======== DATA SHOWN

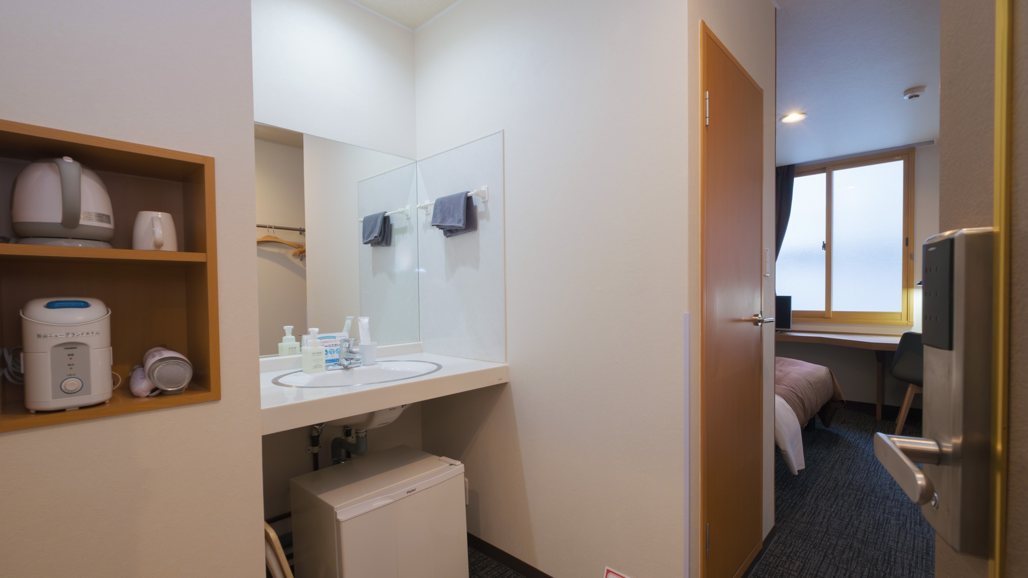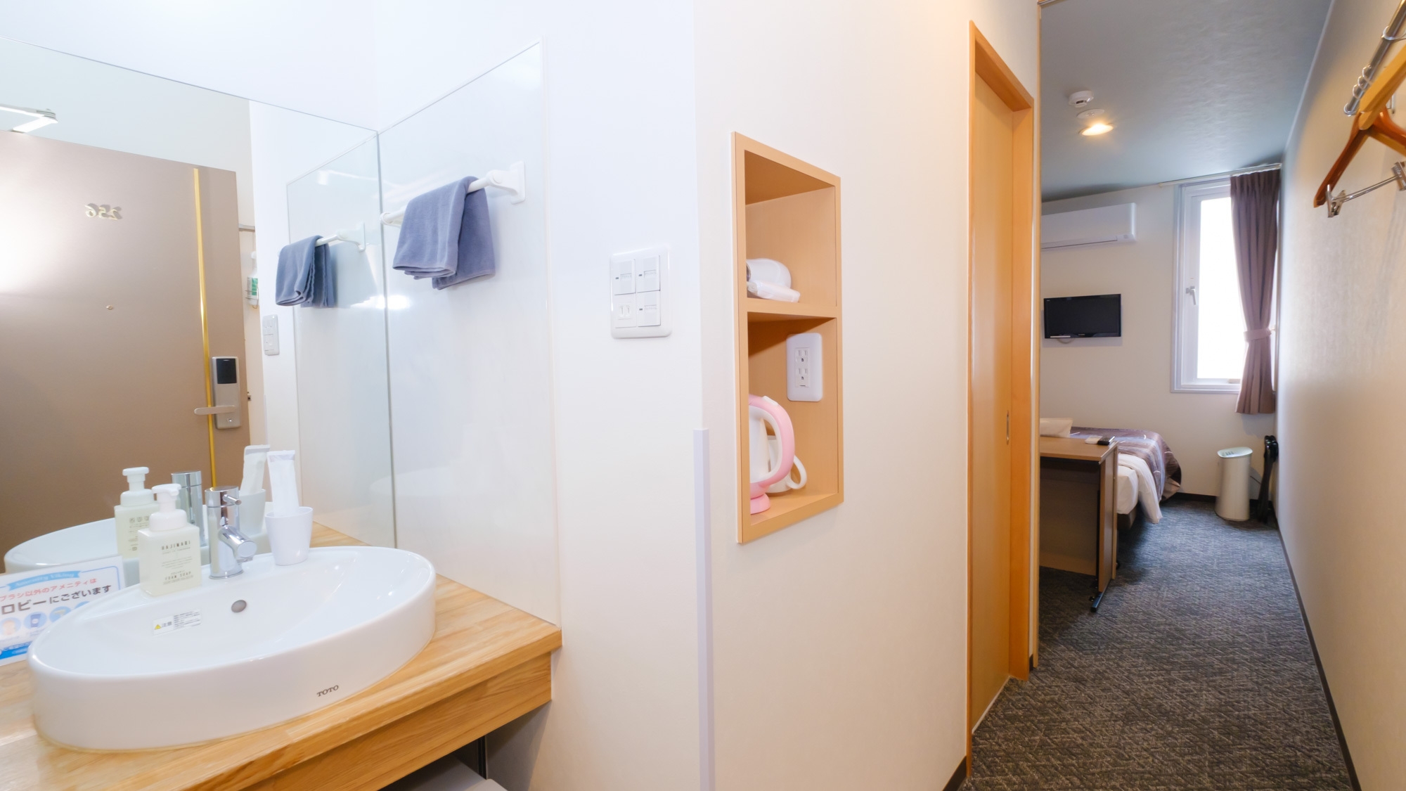 【リニューアル客室】13平米の利便性重視の設計。客室に浴室はありませんが天然温泉大浴場をご利用頂けます。温水洗浄便座・空気清浄機・高速Wi-Fi完備※添い寝不可
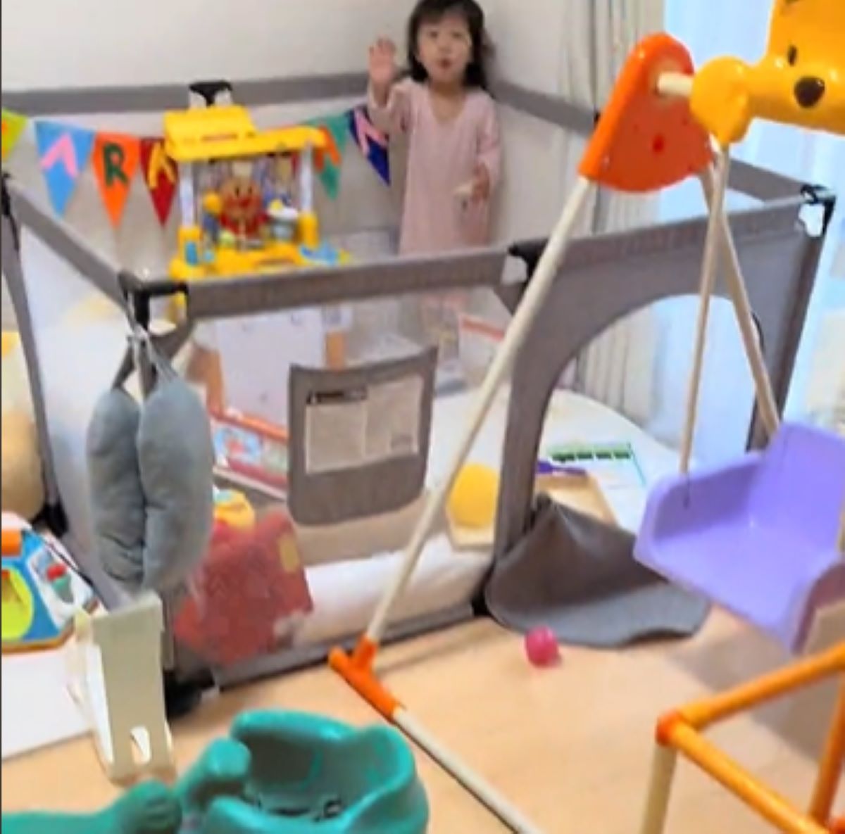 ベビーサークルの中に居たお子さんは、片手にお皿のようなおもちゃを持っています。そして、そのお皿のようなおもちゃには、あげた覚えのないオートミールが大量に入っていたのです。オートミールを食べる様子を見たママさんは、心の中で笑ってしまったといいます。
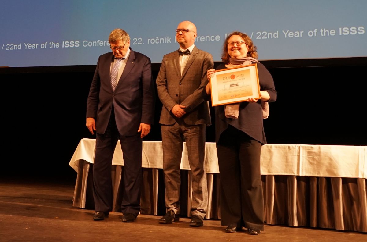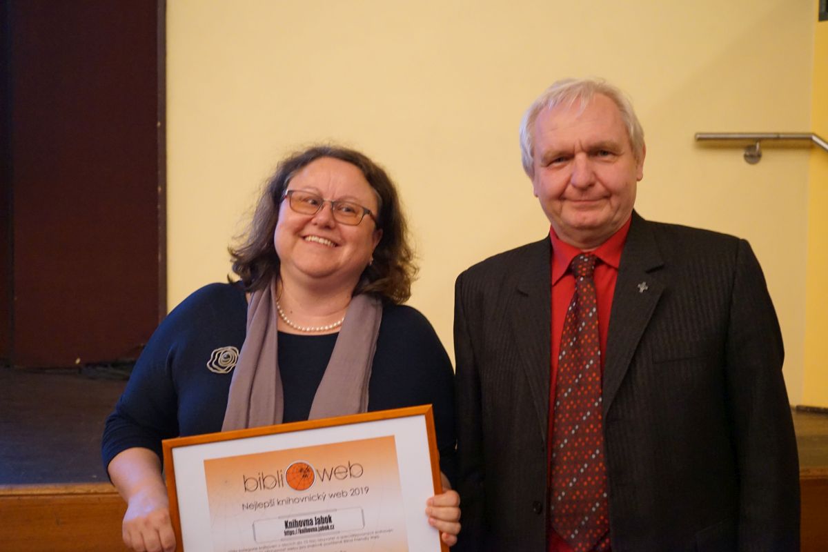 Vedoucí Knihovny Jabok přebírá cenu Biblioweb
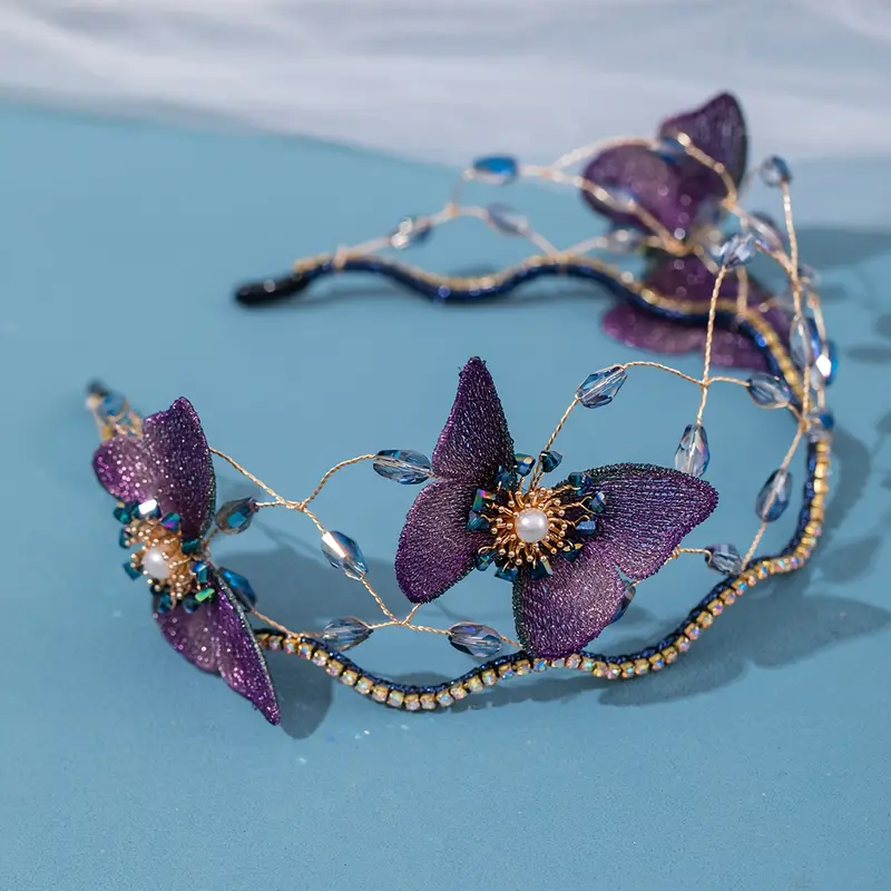 Elegant Floral headband – Deep Purple with Sparkling accents
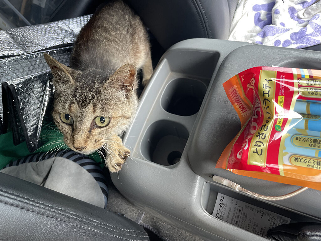 この時点で連れて帰る気満々で、嫁はんに電話してケージやらペットシートやらを準備させ、連れて帰るなら今日は練習どころでないので、直ちにバイクやら装備やらを積み込まねばならないのだが、子猫が逃げない様にする猫バッグもないし、どうしようかと思ってたら、セカンドシートにウンコされてました。まぁ、知らん車に載せられて怖かったのでしょう。まずはウンコの処理をせねばなりません。
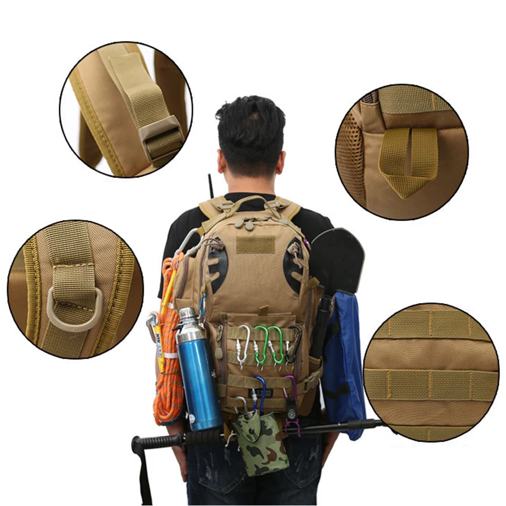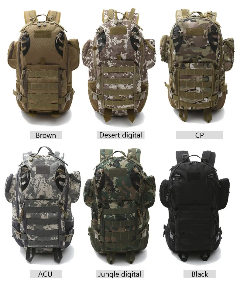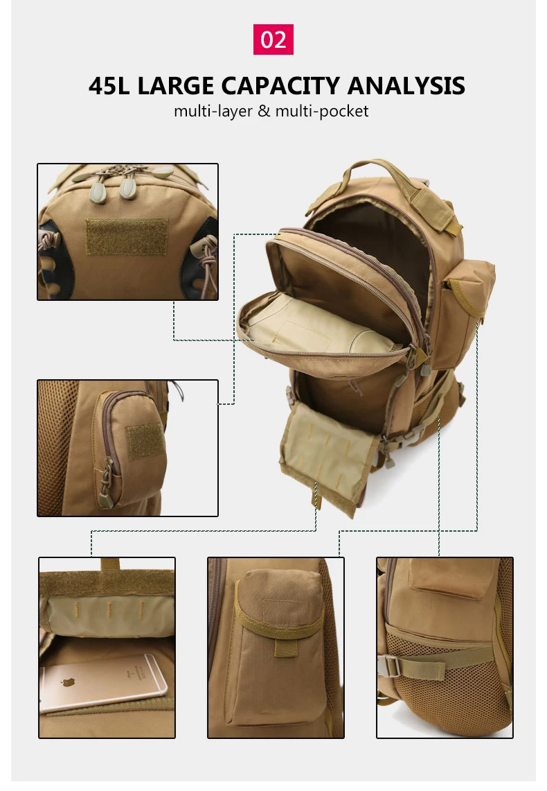 Tamaño: 50cmX32cmX18cm(HXLXW)Capacidad: 45LUso: Bolso de hombro táctico, bolso cruzado con sistema Molle, mochila de escaladaOcasión: camping, senderismo, caza, pesca, trekking, Montañismo
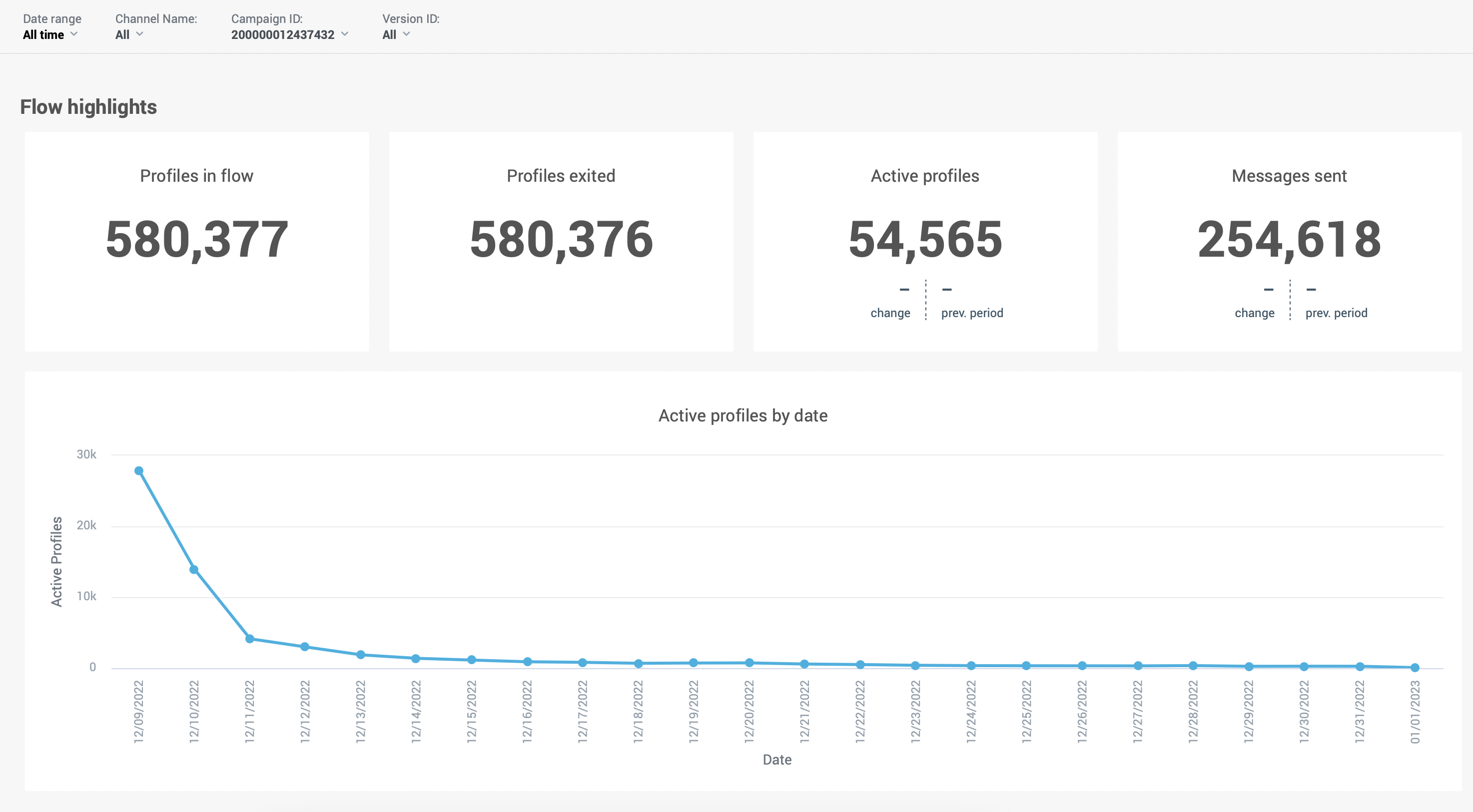 | Profiles in flow | The number of unique users who have entered the flow. This helps you visualize the audience reach of your campaign within a time range. |
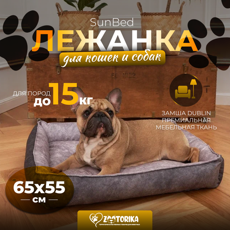 Лежанка для кошек и собак SunBed прямоугольная с бортиками из мебельной ткани, серый/свет. серый меланж, 65х55 см. Прямоугольная лежанка для собак и кошек – отличное решение для отведения отдельного спального места питомцев. Оснащенная невысокими бортиками, она защищает животных от случайных падений во сне, а также бортики служат своеобразным подголовником. Уже многим животным и их хозяевам нравятся подстилки магазина ZOOTORIKA на Озоне. Большой выбор формы, размеров, цвета – каждый найдет для себя то, что нужно. Лежак предназначен для собак мелких пород, для щенков, а также подходит для любых кошек. Прямоугольная форма удобна тем, что легко встраивается вдоль любой свободной стены или в углу помещения, а так же можно разместить на подоконнике у окна. Удобен в использовании: во время поездок лежанку можно взять с собой. Тогда животные будут чувствовать себя уверенней и смогут отдохнуть, когда им захочется. Ведь это их полноценное личное место. Качественная лежанка по низкой цене Качество лежака для небольших животных на высоком уровне. Лежак сделан из мебельной ткани, который надолго остается в состоянии нового, легко чистится и стирается при невысоких температурах в машинке-автомат или с помощью ручной стирки. Внутренний наполнитель – холлофайбер – очень теплый, мягкий и податливый, что нравится питомцу. Купить лежанку для животных легко. Достаточно выбрать нужный зоотовар в корзину и следовать дальнейшим инструкциям. Продавцом предусмотрены приятные скидки и бонусы. У магазина широкий ассортимент товаров и аксессуаров для домашних животных, которые им точно понравятся. ZOOTORIKA — Территория комфортных товаров для животных! Бренд для тех, кто обожает своих четвероногих питомцев, и стремится наполнить их жизнь любовью, заботой и максимальным комфортом. Под нашим брендом ZOOTORIKA (зооторика) выпускается разнообразные текстильные товары для питомцев — удобные лежанки, матрасы, подушки для сна, домики и другие вещи. Если вы ищите для своего любимца самое комфортное, удобное и эстетичное, то вам точно нужны товары от нашей марки!

================

WHAT YOU HAVE TO DO:
The required output is an exact copy of the lines from the start of the material above through the line containing "Elegant Floral headband", inclusive, with no pictures in it.

EXPECTED ANSWER:
 【リニューアル客室】13平米の利便性重視の設計。客室に浴室はありませんが天然温泉大浴場をご利用頂けます。温水洗浄便座・空気清浄機・高速Wi-Fi完備※添い寝不可
 ベビーサークルの中に居たお子さんは、片手にお皿のようなおもちゃを持っています。そして、そのお皿のようなおもちゃには、あげた覚えのないオートミールが大量に入っていたのです。オートミールを食べる様子を見たママさんは、心の中で笑ってしまったといいます。
 Vedoucí Knihovny Jabok přebírá cenu Biblioweb
 Elegant Floral headband – Deep Purple with Sparkling accents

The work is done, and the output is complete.